The construction of Lake Merritt station and the adjacent BART Administration Building leveled three blocks of Chinatown – one of several major displacements in the area, along with I-880, Laney College, and the Oakland Museum of California, that took place in the mid-20th century. By August 1965, the city of Oakland preferred the name "Peralta Center" for the station. However, a BART committee recommended "Lake Merritt" that October, which was approved in December.

The station opened on September 11, 1972 – part of the first section of BART to open. Due to a national strike that year by elevator constructors, elevator construction on the early stations was delayed. Lake Merritt was the only station on the initial segment with elevators available upon opening.

The BART Administration Building was located in a dedicated six-story office building constructed concurrently on top of the station. In 2003, due to potential risk of earthquake damage, the headquarters was moved away from the station to leased space in the Kaiser Center. The former Administration Building was dismantled in 2009–2010. Seismic retrofitting of the station took place in May–September 2009. Bathrooms at underground BART stations were closed after the September 11 attacks due to security concerns. The bathroom at Lake Meritt station reopened on June 28, 2022, after a renovation, with an attendant on duty during all operating hours.

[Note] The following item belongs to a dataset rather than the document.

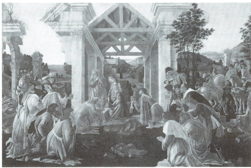
Botticelli, The Adoration of the Magi , early 1460s, National Gallery of Art, Andrew W. Mellon Collection

12:00 Gallery Talk: Pentimenti: Artists' Revisions of Their Work 1:00 Film: Brothers 2:00 Gallery Talk: "The Adoration of the Magi" by Botticelli 4:00 Sunday Lecture: Kollwitz in Context: The Formative Years

In September 2018, the BART Board selected a developer for transit-oriented development on BART-owned land around the station. On September 8, 2022, the board approved plans for a 457-unit residential development to replace the station parking lot. The parking lot closed on September 16, 2024, to allow construction to begin. The first building will have 97 residential units; the second will have 360. Two additional buildings with 100 residential units and 500000 sqft of office space are planned in a future phase. They would use the parcel currently occupied by BART Police headquarters, which is planned to be relocated near the main BART offices in 2026. An additional phase would develop an isolated BART lot off 7th Street. As of 2024, BART indicates "significant market, local support, and/or implementation barriers" that must be overcome to allow that development; it would not begin until at least the mid-2030s.